Während die Prävention ein Kernaspekt des Ayurveda ist, befürchten einige, dass eine zu starke Fokussierung auf präventive Ansätze dazu führen könnte, dass akute oder schwerwiegende Erkrankungen nicht mit der notwendigen Dringlichkeit behandelt werden.
Die philosophischen Grundlagen des Ayurveda, die eng mit indischen spirituellen Traditionen verknüpft sind, können für einige Menschen, die im medizinischen Bereich tätig sind, schwer zu akzeptieren sein. Skeptiker argumentieren zuweilen, dass diese philosophischen Aspekte mit dem wissenschaftlichen Rationalismus und der Empirie der modernen Medizin unvereinbar sind.
In vielen Ländern gibt es keine strenge regulatorische Aufsicht über ayurvedische Praktiken und Produkte, was Fragen bezüglich der Legalität, Sicherheit und beruflichen Zuständigkeit aufwirft.
Trotz dieser Bedenken findet Ayurveda weiterhin weltweit Anhänger, und es gibt eine wachsende Anzahl von Studien, die sich mit seinen Prinzipien und Anwendungen beschäftigen – wenn bislang die wissenschaftliche Evidenz für eine Wirksamkeit von Ayurveda noch schwach ist.

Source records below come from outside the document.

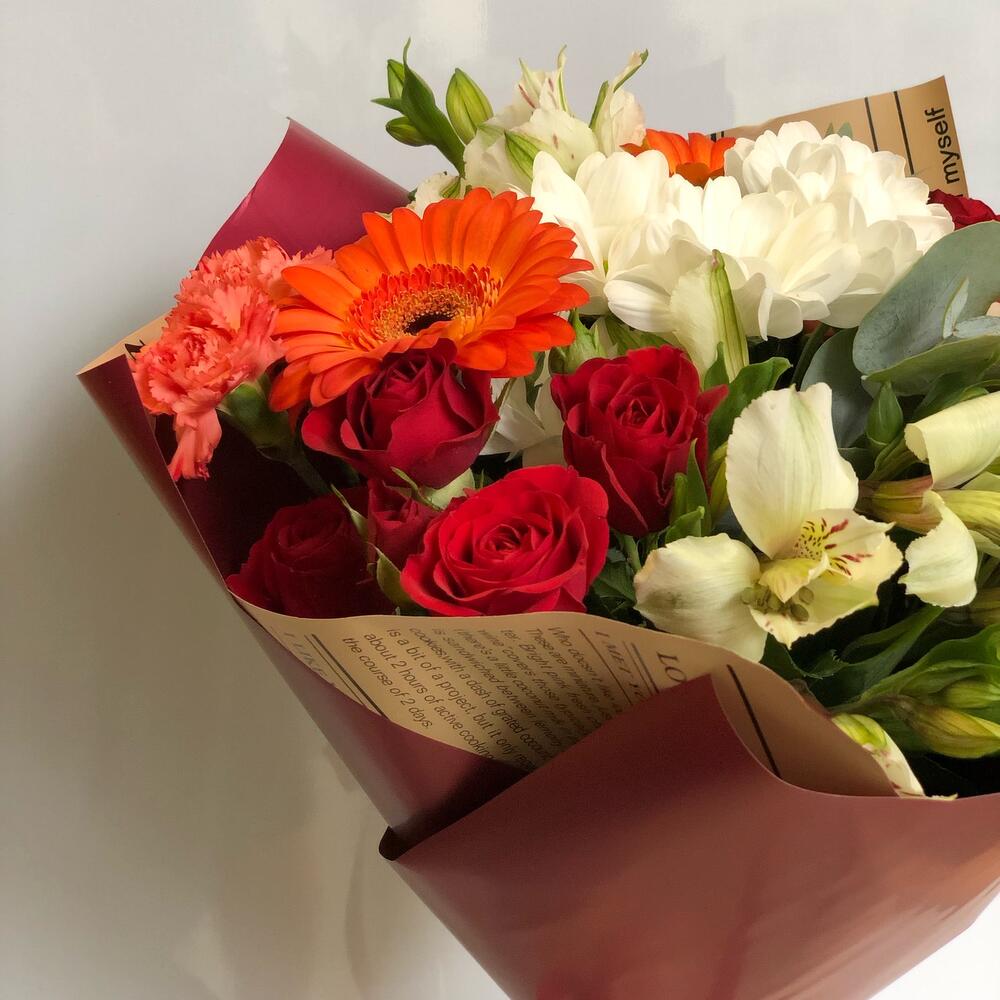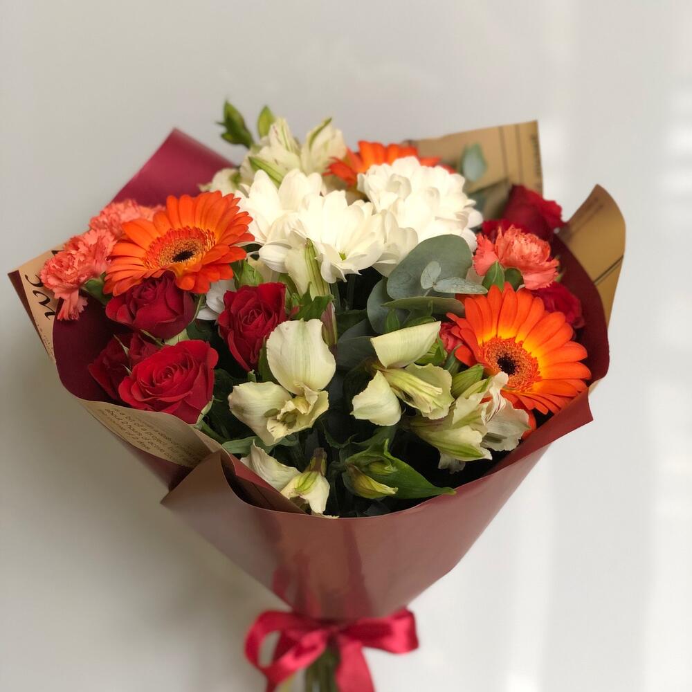 Категорий: Альстромерии, Гвоздики, Кустовые розы, Розы, Хризантемы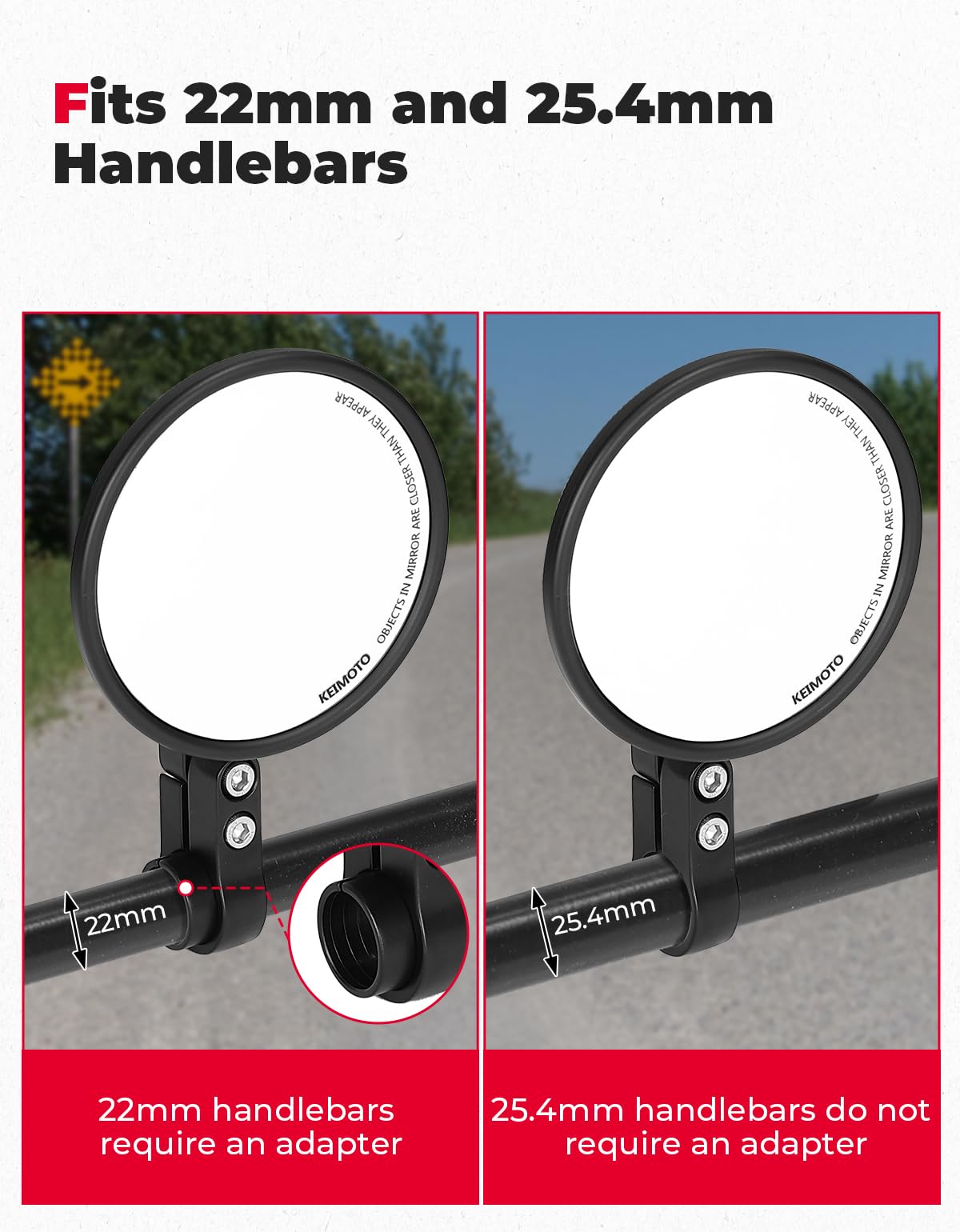 KEMIMOTO Motorcycle Rear View Mirror, Billet Aluminum Bar End Side Mirror for 22mm or 25.4mm Handlebar Diameter with M8 Bolt Com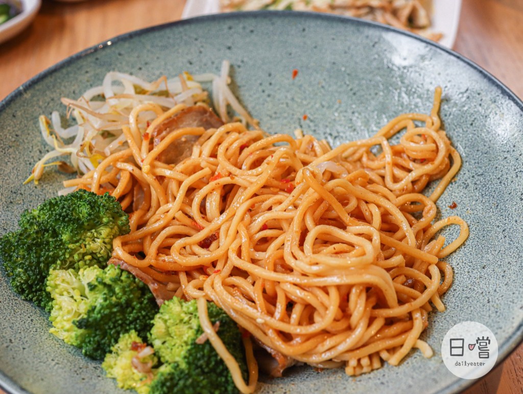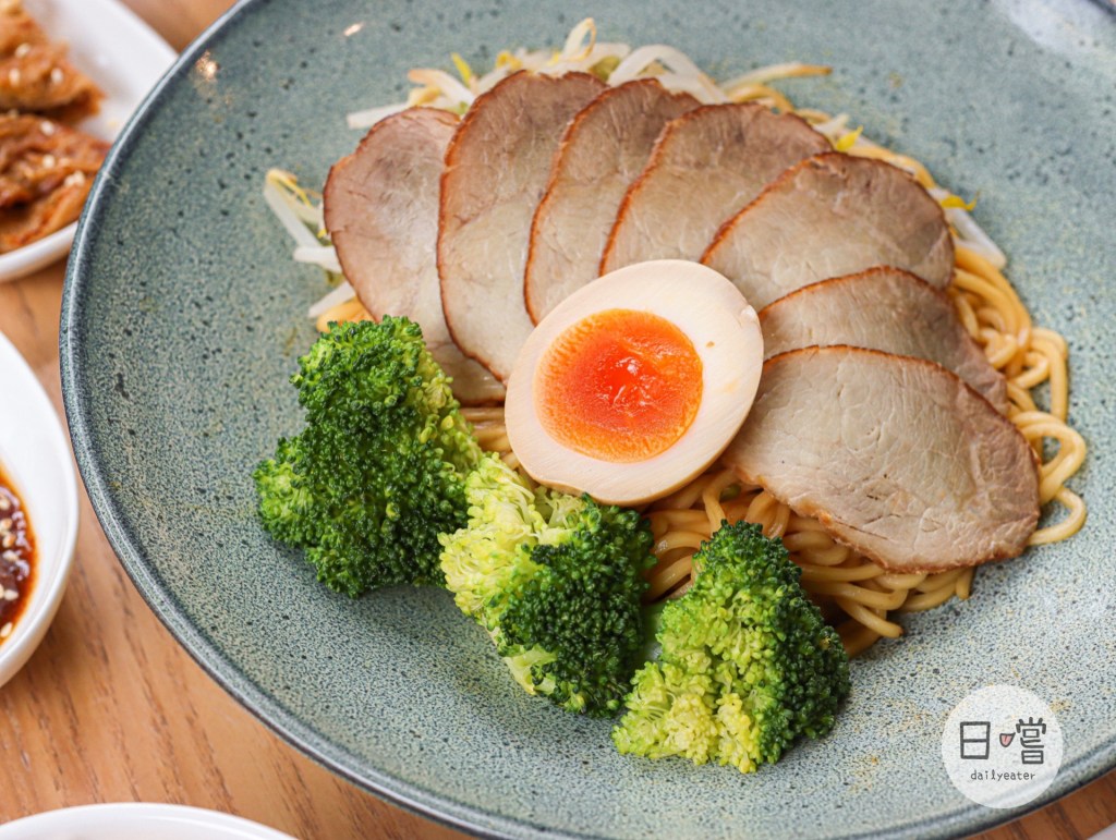 主角乾拌麵出來了😋光視覺看到就超級吸引人的啊!除了滿滿的豬肉片、麵體外,還有花椰菜、豆芽菜跟溏心蛋作為點綴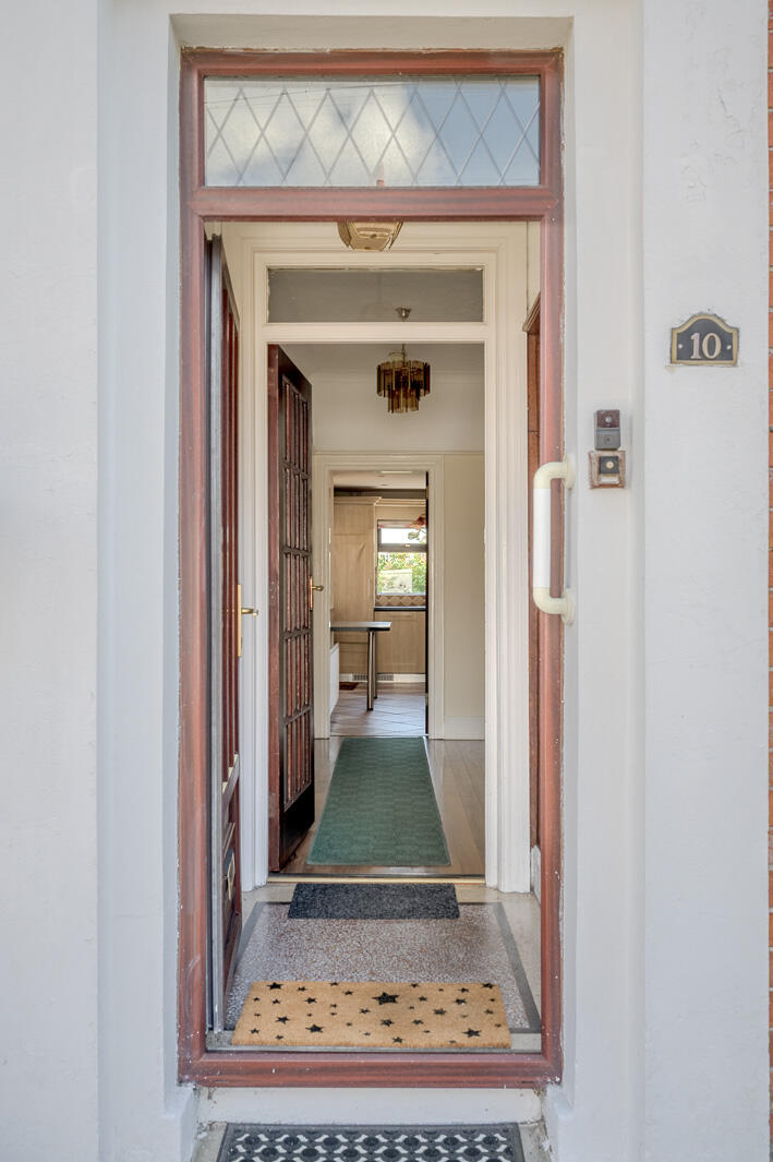 With terrazzo flooring, hardwood glazed vestibule door into entrance hall.

Neben typischen Ayurveda-Gesundheitszentren nutzen zum Teil aber auch „schulmedizinische“ Krankenhäuser Ayurveda zur Behandlung von Patienten – mit wachsenden Erfolgen, beispielsweise als Zusatztherapie für Fibromyalgie-Patienten.
Ein integrativer Ansatz, der das Beste aus beiden Welten – der traditionellen Weisheit des Ayurveda und der evidenzbasierten westlichen Medizin – vereint, könnte der Schlüssel zu einer umfassenderen und individuelleren Patientenversorgung sein. Das ayurvedische Verständnis von Gesundheit und Krankheit eröffnet eine ganzheitliche Perspektive, die über die symptomatische Behandlung hinausgeht und die individuelle Konstitution und Lebensweise des Patienten in den Mittelpunkt stellt. Für das medizinische Fachpersonal könnte Ayurveda meiner Meinung nach eine ergänzende Sichtweise bieten, die das Potenzial hat, die konventionelle Medizin sinnvoll zu erweitern und die Patientenversorgung auf eine breitere, individuellere Basis zu stellen.
Quellen
Ministry of Ayush,Government of India.
https://www.ayurveda-verband.eu
Empfehlungen zur Ayurvedischen Medizin (dgrh.de)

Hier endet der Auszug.